_Material provided_:
········

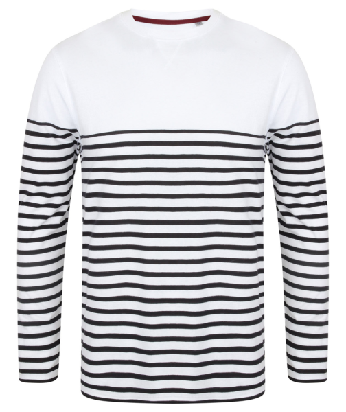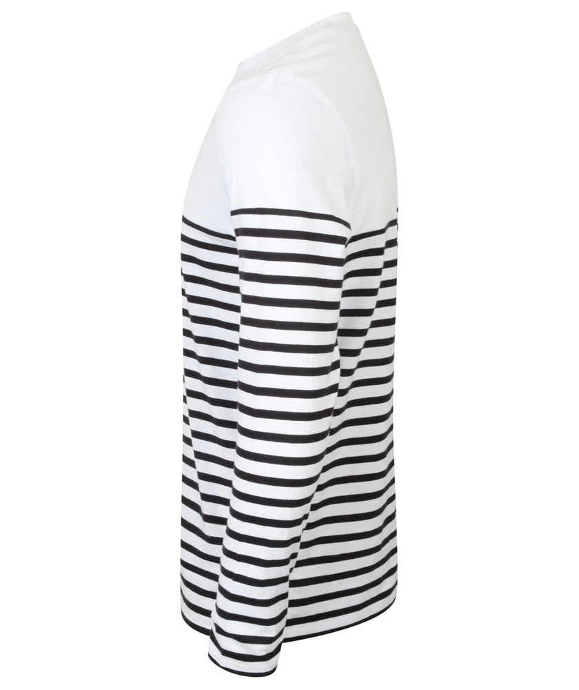 100% jerseykatoen. Dik, unisex T-shirt met lange mouwen, klassiek model zonder etiket. Ronde hals met rekbare ribboord. Zoom en naad van de mouwen in dubbel stiksel. V-vormig, plat naaimotief aan de halsopening. Het onderste deel is gestreept.
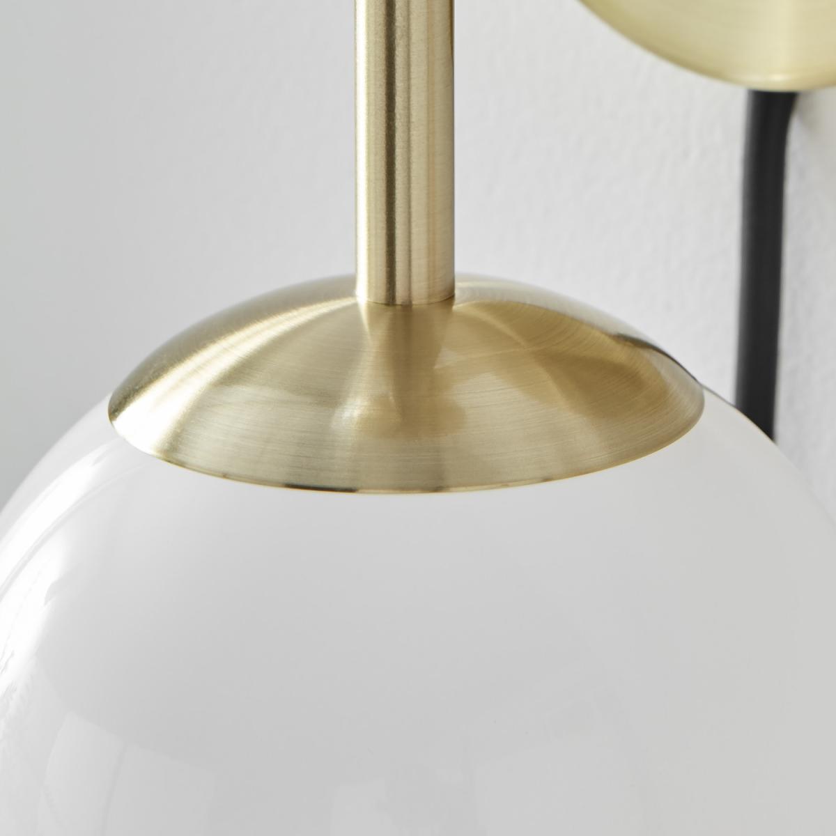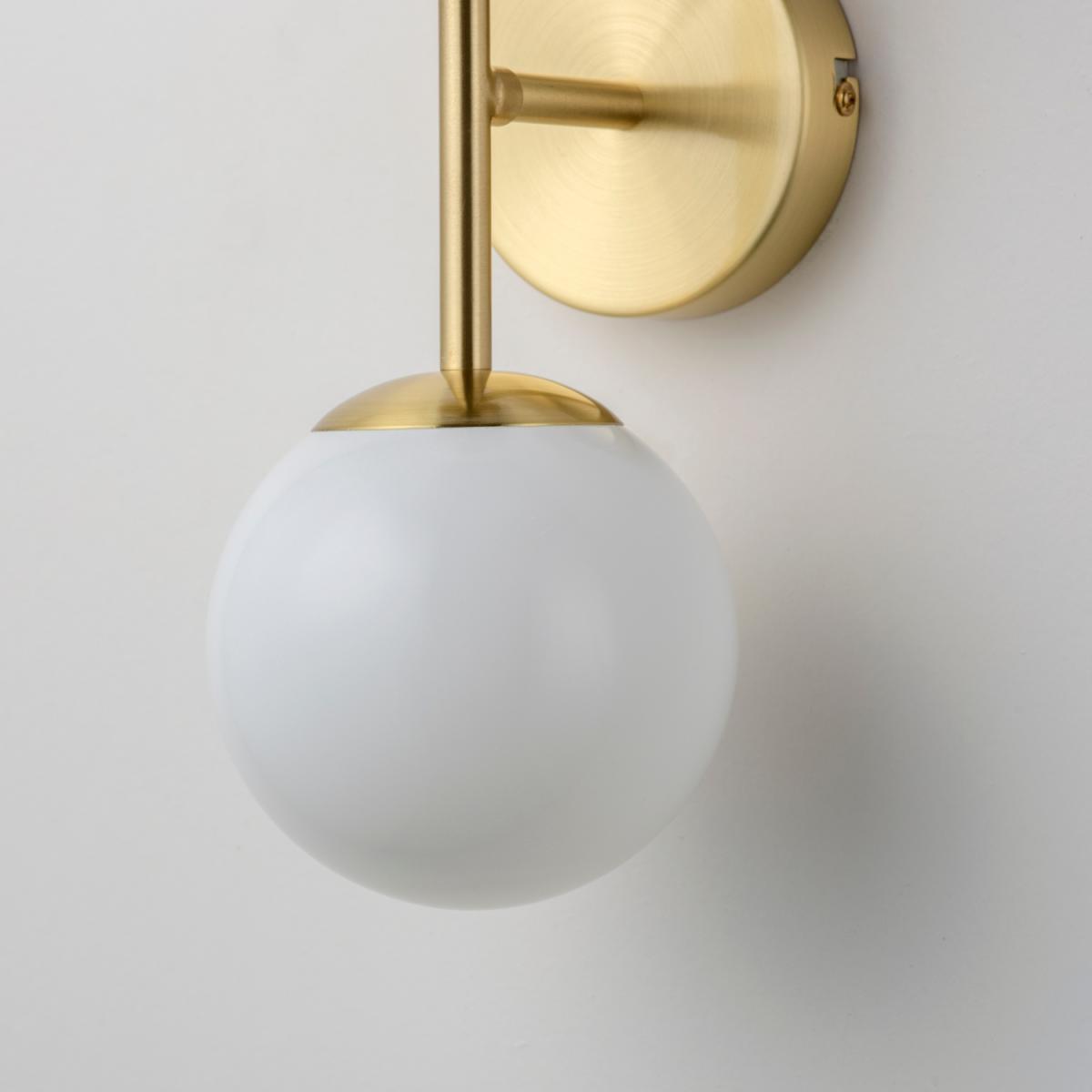 Our Martha wall lamp with 2 opal frosted glass globe shades is a gorgeous wall light that will add some serious glam glow to your living room, bedroom, or maybe next to your dining table? Featuring two opalescent glass globes with shiny brass accents, it will certainly catch the eye, but it's simple design means it won't overwhelm your space. The Martha is understated and pretty, with nods to retro vintage glam lighting styles - the frosted round glass shades have some soft Art Deco vibes that will diffuse light gorgeously. The Martha wall light will look stunning in a range of home styles, from maximalist to minimalist, glam to boho. Requires wiring into mains and 2x 20W G9 bulb (not included). Check out our full lighting range for more ideas.
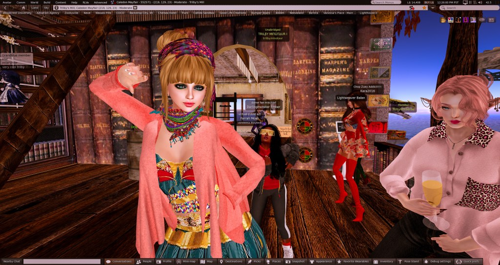In transitioning from Trilby5thDimension to Trilby6thSense — a transition she makes every time she accumulates about 300k inventory items and starts finding it hard to move her avatar — Trilby celebrates the human urge to acquire. It starts with “squirreling” food away for a rainy day. It weaves through the accumulation of wealth and collections of every sort: from stamps to clothes to exotic pets. There’s a little Imelda Marcos in all of us! (Marcos was reported to own about 7,500 pairs of shoes)

········

_Task statement_: Transcribe the listing in full. Omit the pictures and keep every line exact.

_Your response_:
 100% jerseykatoen. Dik, unisex T-shirt met lange mouwen, klassiek model zonder etiket. Ronde hals met rekbare ribboord. Zoom en naad van de mouwen in dubbel stiksel. V-vormig, plat naaimotief aan de halsopening. Het onderste deel is gestreept.
 Our Martha wall lamp with 2 opal frosted glass globe shades is a gorgeous wall light that will add some serious glam glow to your living room, bedroom, or maybe next to your dining table? Featuring two opalescent glass globes with shiny brass accents, it will certainly catch the eye, but it's simple design means it won't overwhelm your space. The Martha is understated and pretty, with nods to retro vintage glam lighting styles - the frosted round glass shades have some soft Art Deco vibes that will diffuse light gorgeously. The Martha wall light will look stunning in a range of home styles, from maximalist to minimalist, glam to boho. Requires wiring into mains and 2x 20W G9 bulb (not included). Check out our full lighting range for more ideas.
In transitioning from Trilby5thDimension to Trilby6thSense — a transition she makes every time she accumulates about 300k inventory items and starts finding it hard to move her avatar — Trilby celebrates the human urge to acquire. It starts with “squirreling” food away for a rainy day. It weaves through the accumulation of wealth and collections of every sort: from stamps to clothes to exotic pets. There’s a little Imelda Marcos in all of us! (Marcos was reported to own about 7,500 pairs of shoes)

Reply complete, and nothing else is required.